Use of the polypeptide according to claim 1 or 2 as an interferon gamma-like molecule.

A pharmaceutical composition comprising the polypeptide according to claim 1 or 2, the nucleic acid molecule according to claim 3 or 4 , the vector according to claim 5 , the host cell according to claim 6, or the antibody according to claim 7 .

A vaccine composition comprising the polypeptide according to claim 1 or 2 or the nucleic acid molecule according to claim 3 or 4 .

Used in the manufacture of a medicament for the treatment of the following diseases, according to claim 1 or 2, wherein the polypeptide, nucleic acid molecule of claim 3 or 4, wherein the vector of claim 5, claim 6, wherein the host cell, wherein The antibody according to Item 7 or the pharmaceutical composition according to Claim 15: cell proliferative disease, autoimmune / inflammatory disease, cardiovascular disease, neuropathy, developmental abnormality, metabolic abnormality, infection and other pathological conditions Immune disorders such as autoimmune diseases, rheumatoid arthritis, osteoarthritis, psoriasis, systemic lupus erythematosus and multiple sclerosis, inflammatory diseases such as allergies, rhinitis, conjunctivitis, glomerulonephritis, uveitis, Crohn's disease, ulcerative colitis, inflammatory bowel disease, pancreatitis, digestive system inflammation, sepsis, endotoxin shock, septic shock, epidemic, myalgia, ankylosing spondylitis, myasthenia gravis, exhaustion after viral infection syndrome, Disease, respiratory distress syndrome, asthma, chronic embolic pulmonary disease, airway inflammation, wound healing, endometriosis, skin disease, Behcet's disease; neoplastic diseases such as melanoma, sarcoma, renal tumor, colon tumor, blood disease, bone marrow Proliferative disease, Hodgkin's disease; osteoporosis, obesity, diabetes, gout, cardiovascular disease, reperfusion injury, atherosclerosis, ischemic heart disease, heart failure, stroke, liver disease, AIDS, AIDS related complications , neurological disorders, male infertility, aging and infections (Plasmodium infection, including bacterial infection and viral infection).

Monitoring the level of expression or activity of the polypeptide of claim 1 or 2 or the level of expression of the nucleic acid molecule of claim 3 or 4 in a tissue isolated from the patient over a period of time. A method of monitoring treatment ex vivo ,
The method wherein the level of expression or activity over the period changes towards a control level is an indicator of the remission of the disease.

Contacting the polypeptide of claim 1 or 2 or the nucleic acid molecule of claim 3 or 4 with one or more compounds suspected of having binding affinity for said polypeptide or nucleic acid molecule; And selecting a compound that specifically binds to said nucleic acid molecule or polypeptide; and a method of identifying a compound that is effective in the treatment and / or diagnosis of a disease.

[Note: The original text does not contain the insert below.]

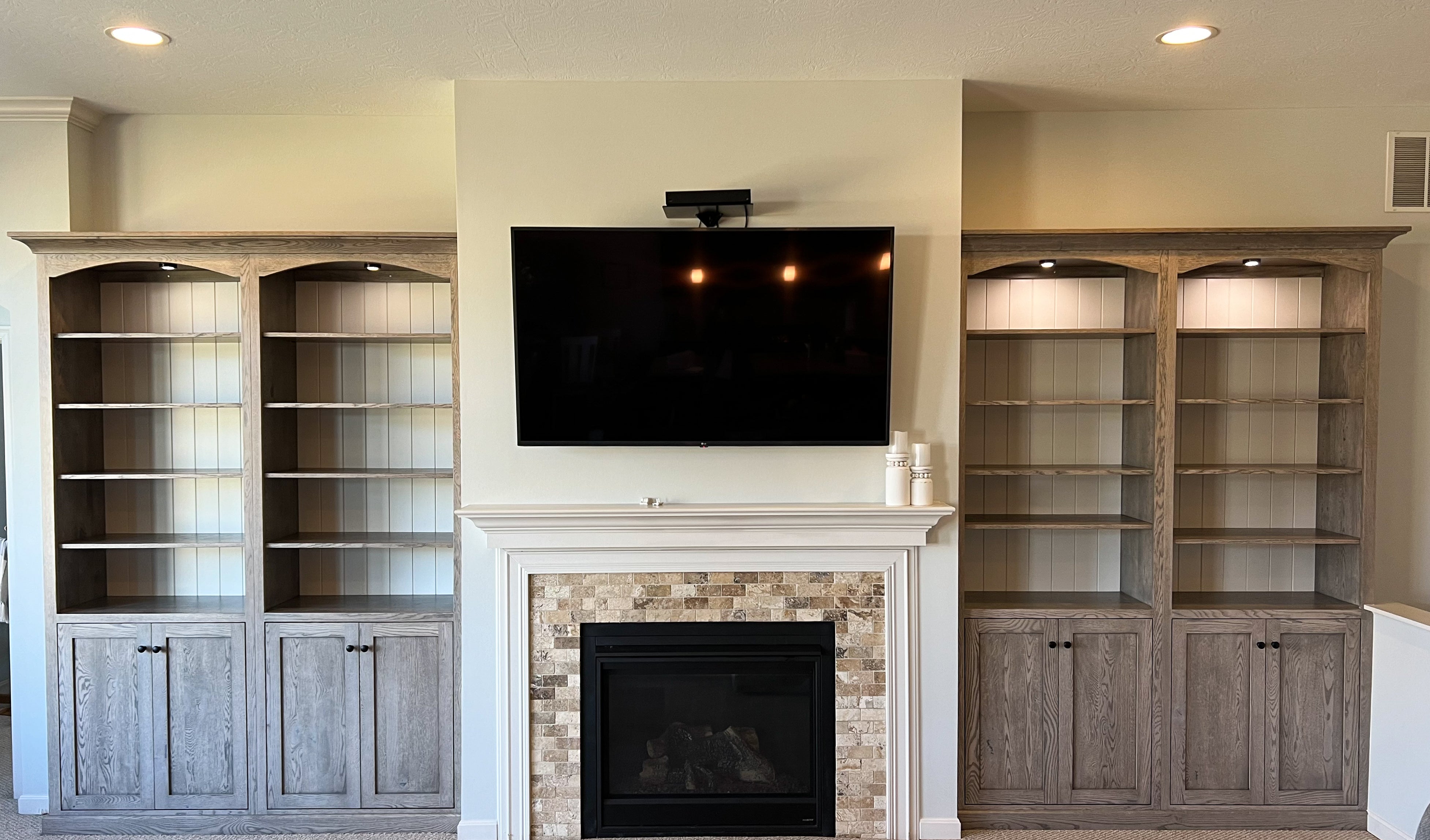 Our Arcadia barn door TV consoles feature rustic quarter sawn White Oak with Golden Brown stain. Golden Brown is a warm stain that perfectly complements the rustic TV stand style.

A first container containing a nucleic acid probe that hybridizes with the nucleic acid molecule of claim 3 or 4 under stringent conditions; a second container containing a primer useful for amplification of the nucleic acid molecule; and easy diagnosis of a disease A kit useful for the diagnosis of a disease, comprising instructions for using the probe and primer to make it.

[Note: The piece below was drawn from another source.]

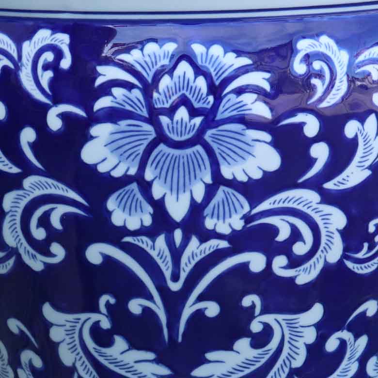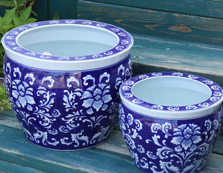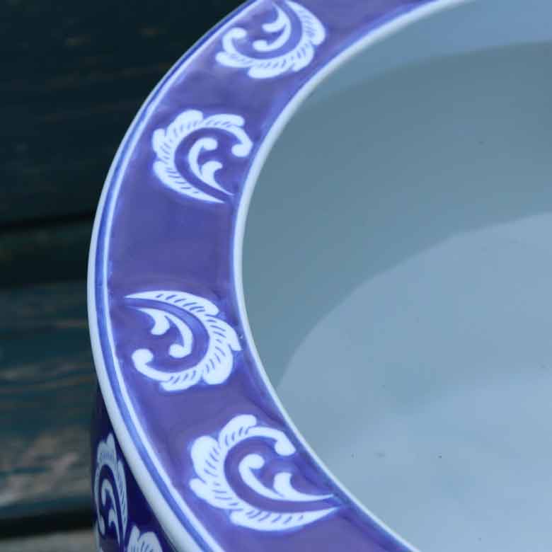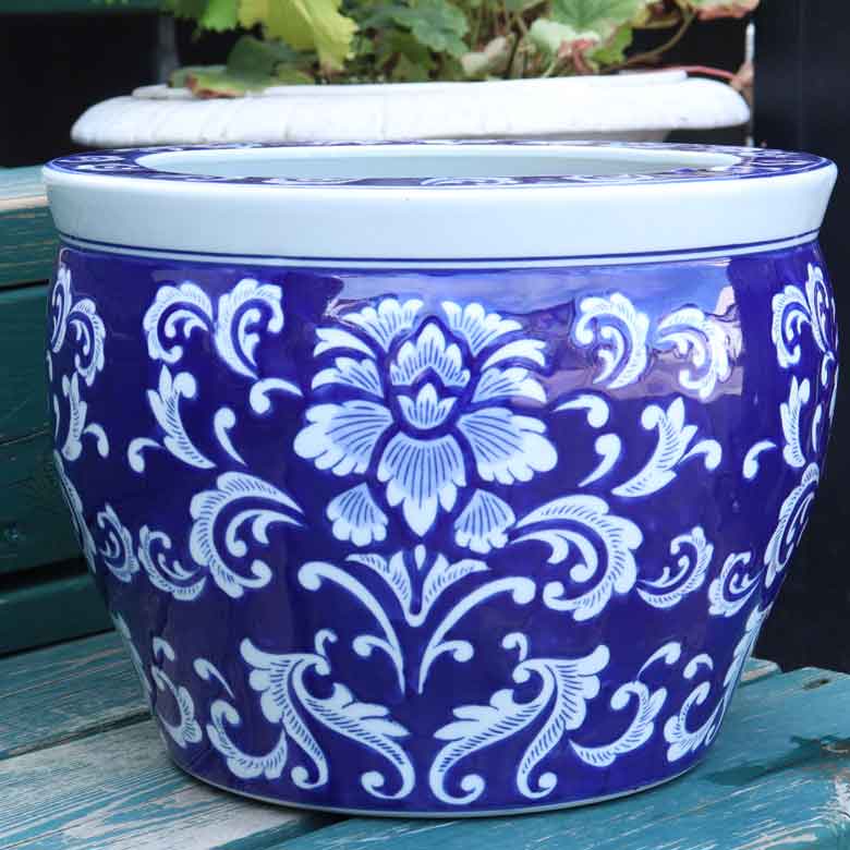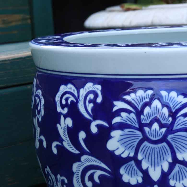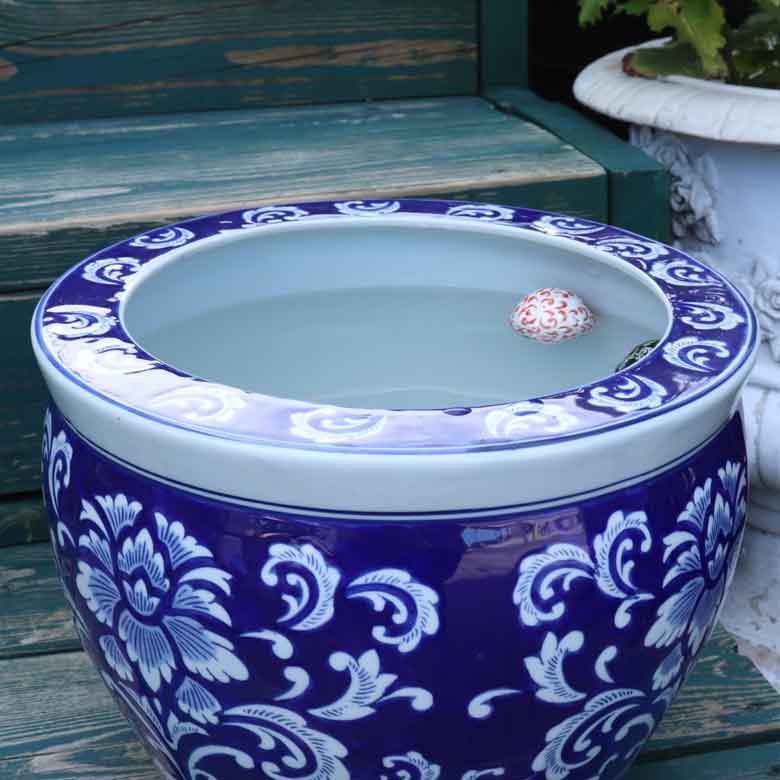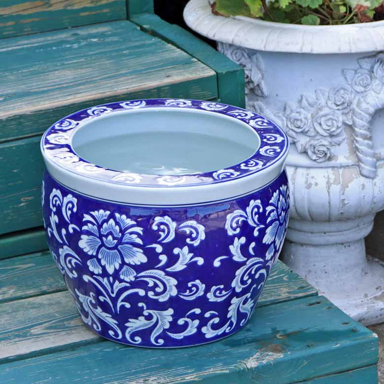 ◆和モダン風の空間づくりに最適な染付の陶器水鉢です。

21. The kit of claim 20 , further comprising a third container holding an agent for digesting non-hybridized RNA.

A kit comprising an array of nucleic acid molecules, wherein at least one of the nucleic acid molecules is a nucleic acid molecule according to claim 3 or 4 .

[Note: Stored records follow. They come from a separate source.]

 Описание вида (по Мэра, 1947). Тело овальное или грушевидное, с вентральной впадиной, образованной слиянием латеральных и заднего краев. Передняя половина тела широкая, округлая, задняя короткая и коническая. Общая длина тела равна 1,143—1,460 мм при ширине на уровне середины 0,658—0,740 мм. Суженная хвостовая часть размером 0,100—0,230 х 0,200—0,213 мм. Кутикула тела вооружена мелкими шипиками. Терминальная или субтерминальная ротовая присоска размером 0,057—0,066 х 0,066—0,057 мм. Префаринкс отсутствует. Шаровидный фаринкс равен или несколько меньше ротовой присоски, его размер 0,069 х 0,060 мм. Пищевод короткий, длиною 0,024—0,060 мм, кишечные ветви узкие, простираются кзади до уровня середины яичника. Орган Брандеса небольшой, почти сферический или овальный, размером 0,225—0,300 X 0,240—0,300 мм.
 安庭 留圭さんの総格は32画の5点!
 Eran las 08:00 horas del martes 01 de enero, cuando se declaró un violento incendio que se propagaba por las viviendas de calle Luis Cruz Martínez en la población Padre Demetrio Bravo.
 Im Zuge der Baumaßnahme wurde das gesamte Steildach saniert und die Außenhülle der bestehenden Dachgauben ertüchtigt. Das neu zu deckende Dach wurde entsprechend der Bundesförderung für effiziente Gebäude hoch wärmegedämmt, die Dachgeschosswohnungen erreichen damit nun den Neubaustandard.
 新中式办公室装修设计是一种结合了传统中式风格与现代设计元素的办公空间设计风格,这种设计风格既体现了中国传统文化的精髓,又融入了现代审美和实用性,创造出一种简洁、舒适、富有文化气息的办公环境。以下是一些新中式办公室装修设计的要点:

A kit comprising one or more antibodies that bind to the polypeptide of claim 1 or 2 , and a reagent useful for detecting a binding reaction between the antibody and the polypeptide.

A non-human transgenic animal or a non-human knockout animal that has been transformed and expresses or does not express the polypeptide of any one of claims 1 or 2 at a higher or lower level.

25. A method of screening for compounds effective in treating a disease by contacting the non-human transgenic animal of claim 24 with a candidate compound and determining the effect of the compound on the animal's disease.